Material for this exercise:

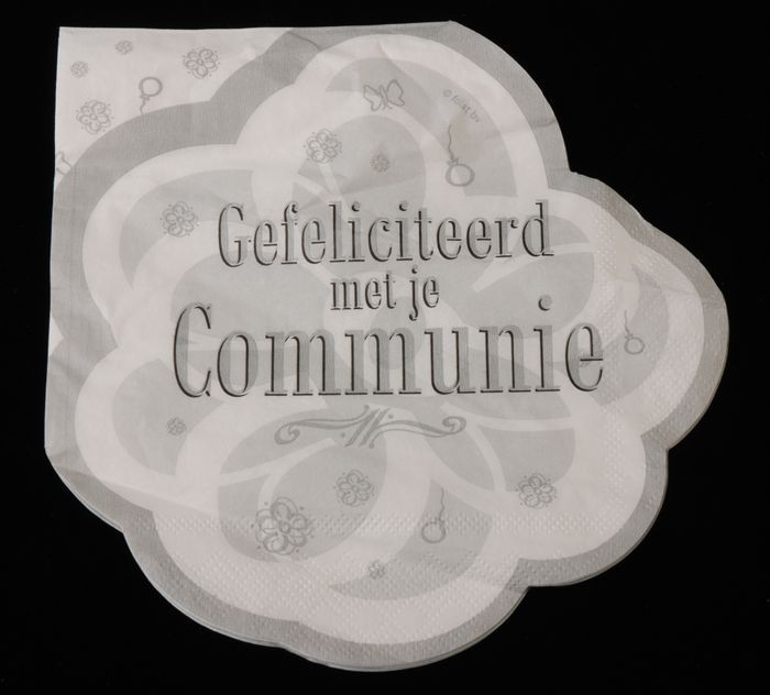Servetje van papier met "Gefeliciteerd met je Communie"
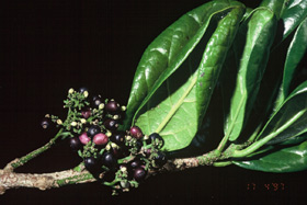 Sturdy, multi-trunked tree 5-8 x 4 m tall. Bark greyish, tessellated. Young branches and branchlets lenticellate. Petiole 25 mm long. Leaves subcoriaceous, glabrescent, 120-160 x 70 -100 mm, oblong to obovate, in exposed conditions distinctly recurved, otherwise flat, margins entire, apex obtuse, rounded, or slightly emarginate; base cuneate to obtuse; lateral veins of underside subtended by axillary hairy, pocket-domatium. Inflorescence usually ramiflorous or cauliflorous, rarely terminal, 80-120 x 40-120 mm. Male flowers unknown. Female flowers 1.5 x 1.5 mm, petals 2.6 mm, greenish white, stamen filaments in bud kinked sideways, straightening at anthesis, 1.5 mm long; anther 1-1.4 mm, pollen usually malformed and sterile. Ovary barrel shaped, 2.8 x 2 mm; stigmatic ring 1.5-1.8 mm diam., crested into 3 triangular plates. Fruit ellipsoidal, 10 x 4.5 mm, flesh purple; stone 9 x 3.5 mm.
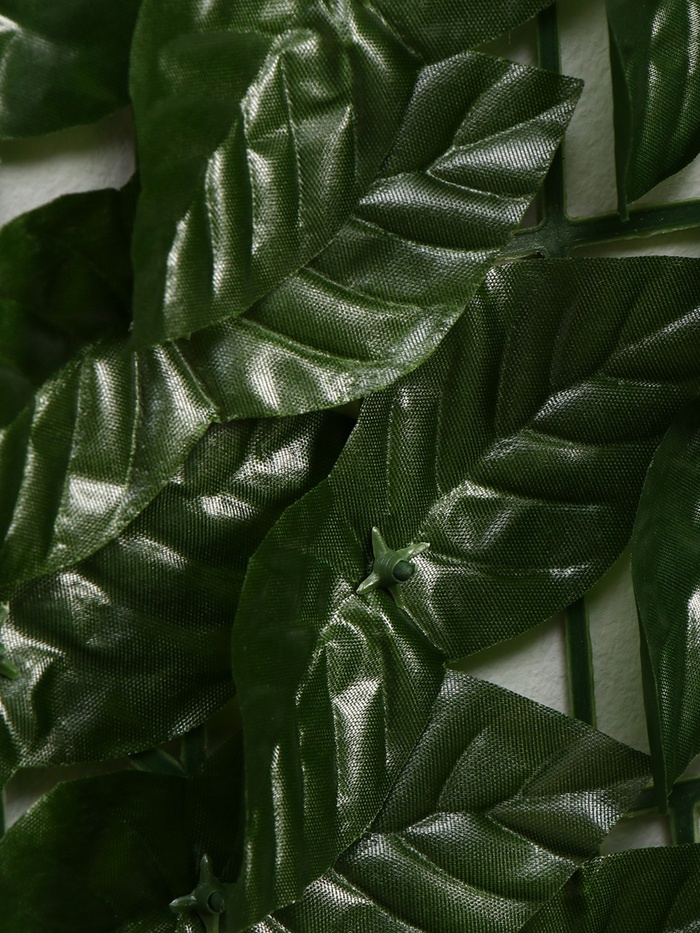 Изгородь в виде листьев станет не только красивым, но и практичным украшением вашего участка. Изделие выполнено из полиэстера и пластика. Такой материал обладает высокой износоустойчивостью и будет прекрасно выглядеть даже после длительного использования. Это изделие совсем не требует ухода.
* * *
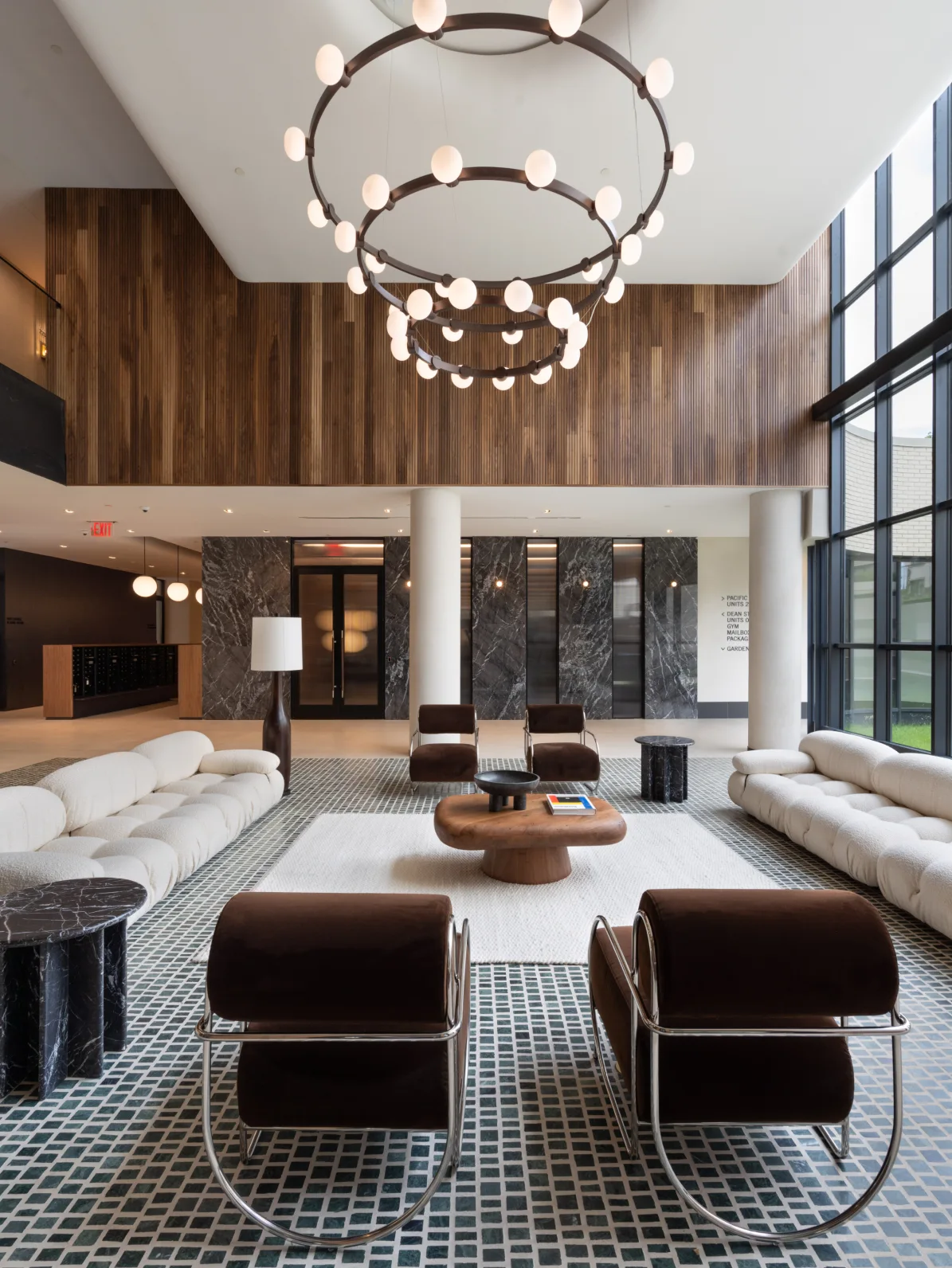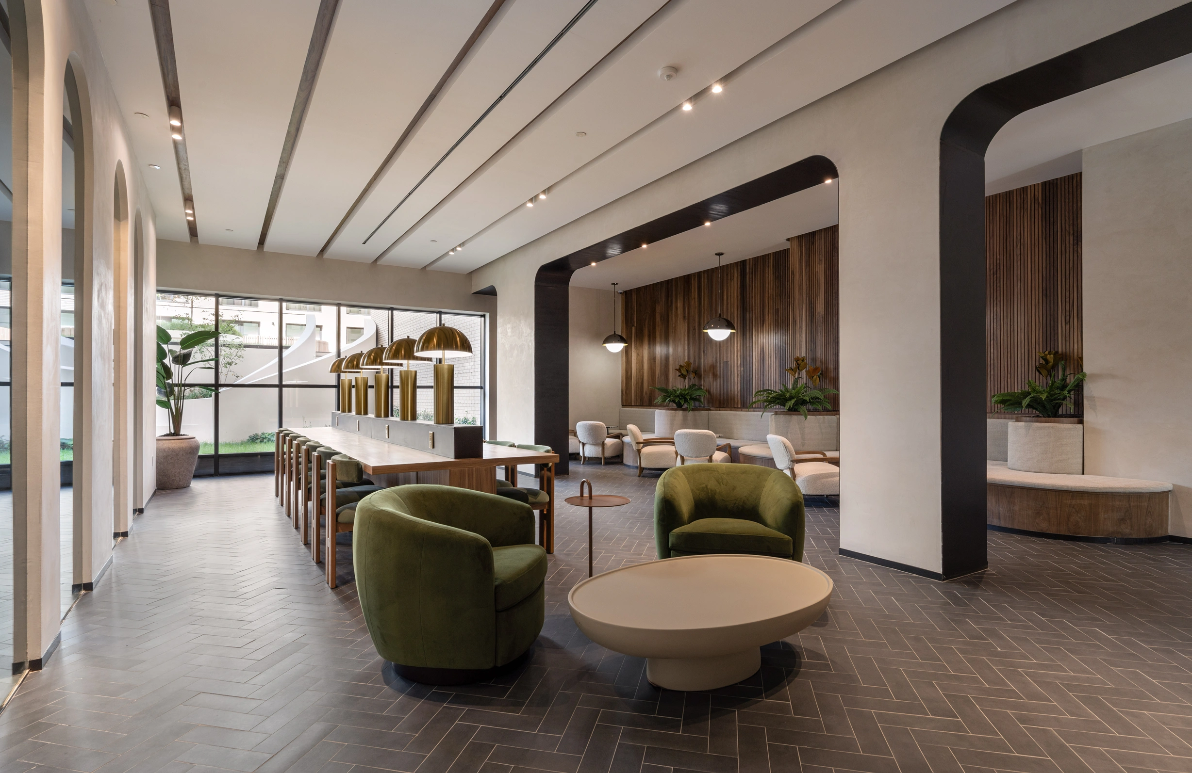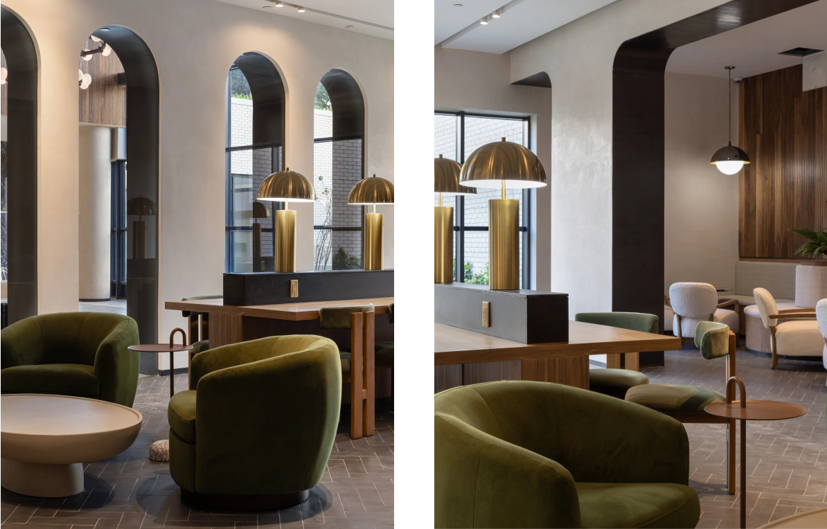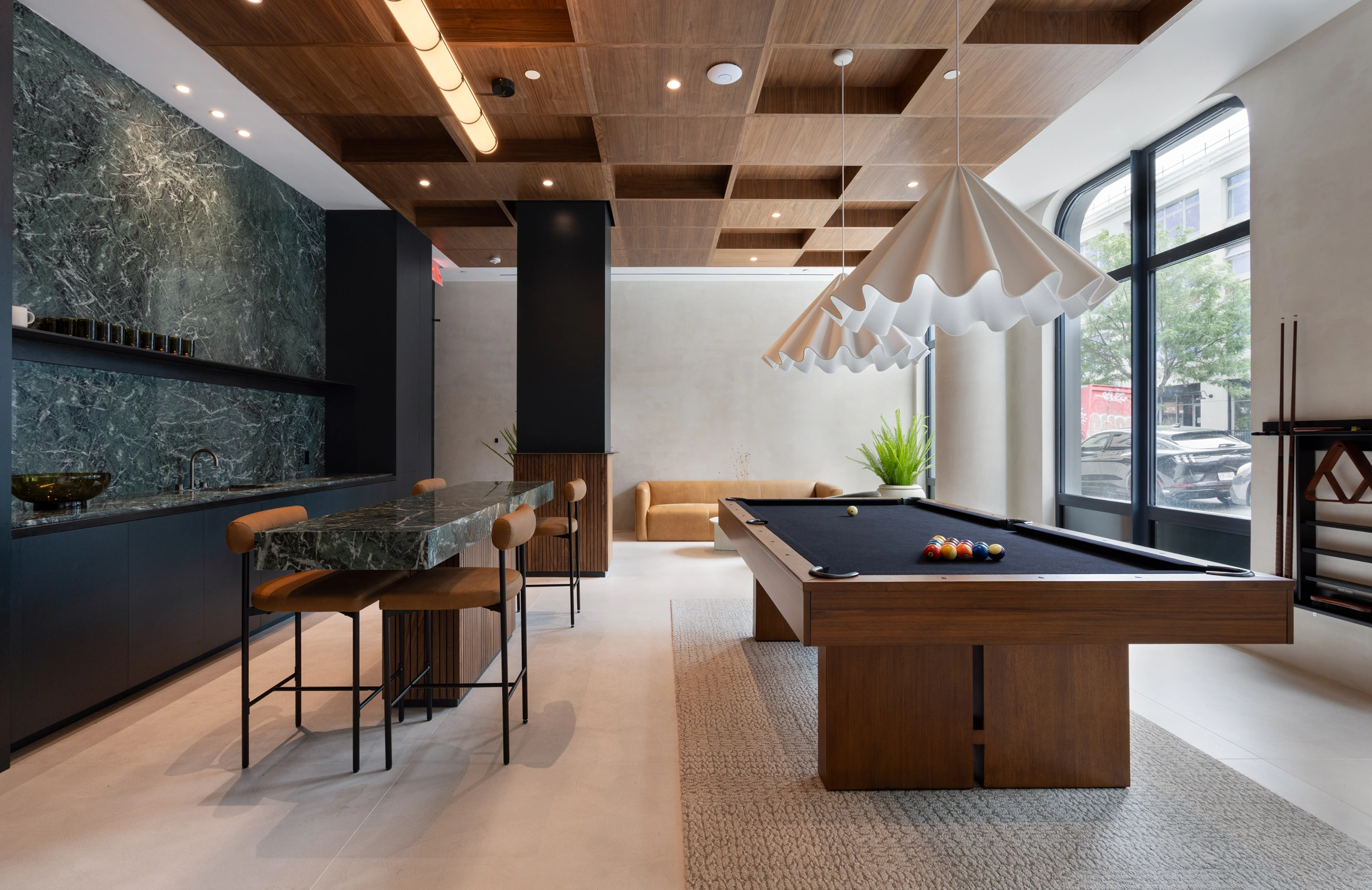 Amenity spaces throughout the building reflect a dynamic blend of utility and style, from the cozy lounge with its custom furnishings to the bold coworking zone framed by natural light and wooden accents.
---
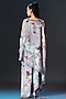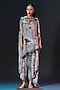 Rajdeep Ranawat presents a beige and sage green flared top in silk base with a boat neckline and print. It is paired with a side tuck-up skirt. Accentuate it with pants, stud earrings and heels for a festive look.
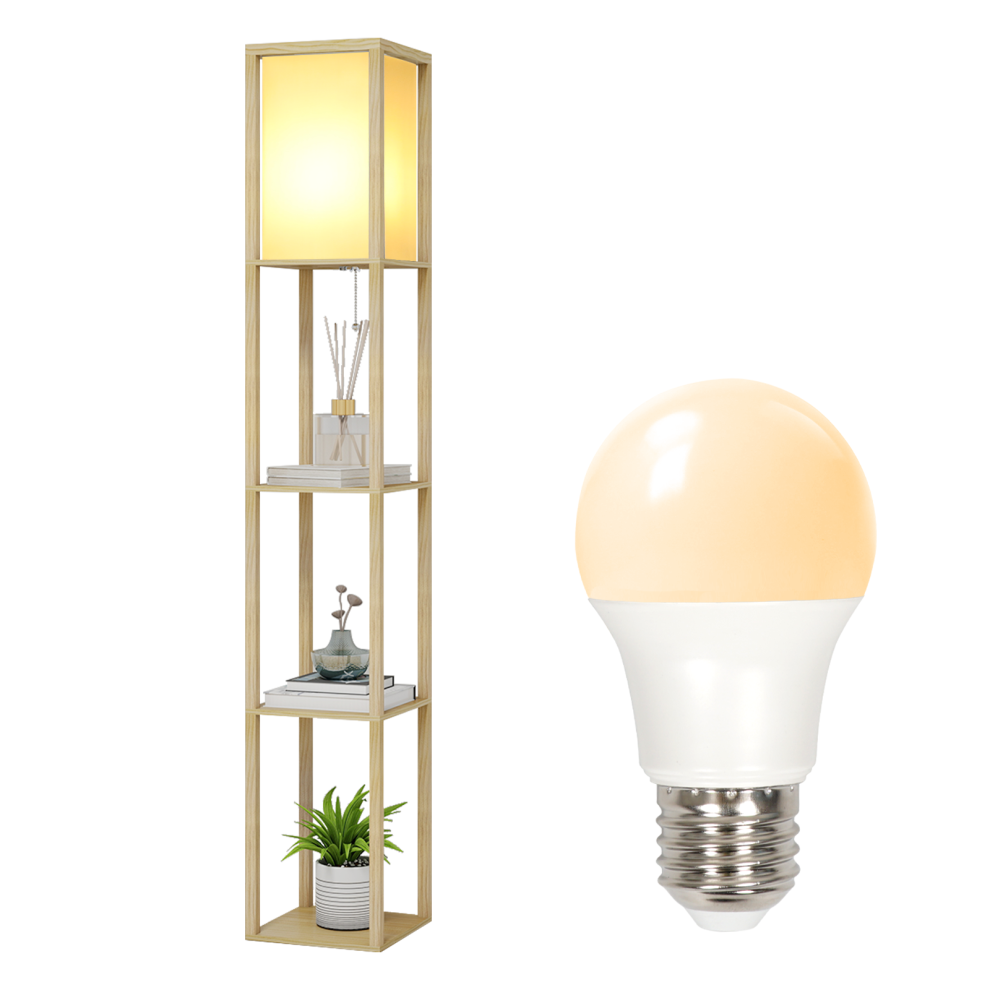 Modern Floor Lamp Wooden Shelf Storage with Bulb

Directions for this task: Starting at the line with "Servetje van papier" in the entries above, write out every line exactly until the line with "Изгородь в виде" has been written. Include no pictures and nothing more.

Exercise response:
Servetje van papier met "Gefeliciteerd met je Communie"
 Sturdy, multi-trunked tree 5-8 x 4 m tall. Bark greyish, tessellated. Young branches and branchlets lenticellate. Petiole 25 mm long. Leaves subcoriaceous, glabrescent, 120-160 x 70 -100 mm, oblong to obovate, in exposed conditions distinctly recurved, otherwise flat, margins entire, apex obtuse, rounded, or slightly emarginate; base cuneate to obtuse; lateral veins of underside subtended by axillary hairy, pocket-domatium. Inflorescence usually ramiflorous or cauliflorous, rarely terminal, 80-120 x 40-120 mm. Male flowers unknown. Female flowers 1.5 x 1.5 mm, petals 2.6 mm, greenish white, stamen filaments in bud kinked sideways, straightening at anthesis, 1.5 mm long; anther 1-1.4 mm, pollen usually malformed and sterile. Ovary barrel shaped, 2.8 x 2 mm; stigmatic ring 1.5-1.8 mm diam., crested into 3 triangular plates. Fruit ellipsoidal, 10 x 4.5 mm, flesh purple; stone 9 x 3.5 mm.
 Изгородь в виде листьев станет не только красивым, но и практичным украшением вашего участка. Изделие выполнено из полиэстера и пластика. Такой материал обладает высокой износоустойчивостью и будет прекрасно выглядеть даже после длительного использования. Это изделие совсем не требует ухода.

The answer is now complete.